Sunday 27 October 2013

Turbot with caper and parsley sauce

Serves 2

2 turbot steaks, about 350g each
2 tbsp olive oil
Sea salt and freshly ground black pepper
400ml milk
1 onion
8 cloves
2 bay leaves
1½tbsp butter
2tbsp plain flour
2tbsp capers, finely chopped
2tbsp fresh parsley, finely chopped
Squeeze of lemon, to taste

1. Preheat the oven to 240°C.

2. Brush the turbot steaks with the olive oil and season with salt and pepper, then place in a large roasting dish and cook in the oven for 12-15mins.

3. Meanwhile, make the sauce. Pour the milk into a large saucepan. Cut the onion in half and insert the cloves, then make a couple of slashes in the onion halves and insert the bay leaves. Place the studded into the milk, bring to the boil, then reduce the heat and simmer for 6-7mins. Remove the pan from the heat and leave to infuse for a further 10mins. Remove the onions.

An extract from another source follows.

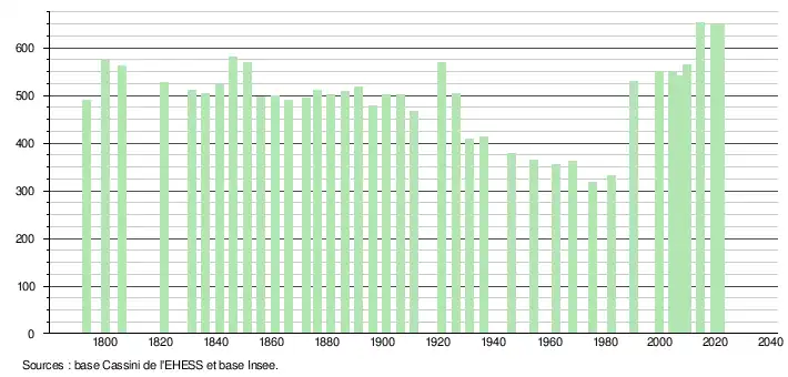 L'évolution du nombre d'habitants est connue à travers les recensements de la population effectués dans la commune depuis 1793. Pour les communes de moins de 10 000 habitants, une enquête de recensement portant sur toute la population est réalisée tous les cinq ans, les populations légales des années intermédiaires étant quant à elles estimées par interpolation ou extrapolation[30]. Pour la commune, le premier recensement exhaustif entrant dans le cadre du nouveau dispositif a été réalisé en 2004[31].

4. Melt the butter in another saucepan over a low heat and stir in the flour until you have a smooth, creamy paste. Slowly pour in the milk while gently whisking until the sauce is smooth and is the consistency of double cream. Season with a little salt and pepper, add the capers and parsley and lastly a squeeze of lemon.

5. Place the turbot in a serving dish, remove the skin, which should come away easily, and spoon over lashings of the delicious sauce.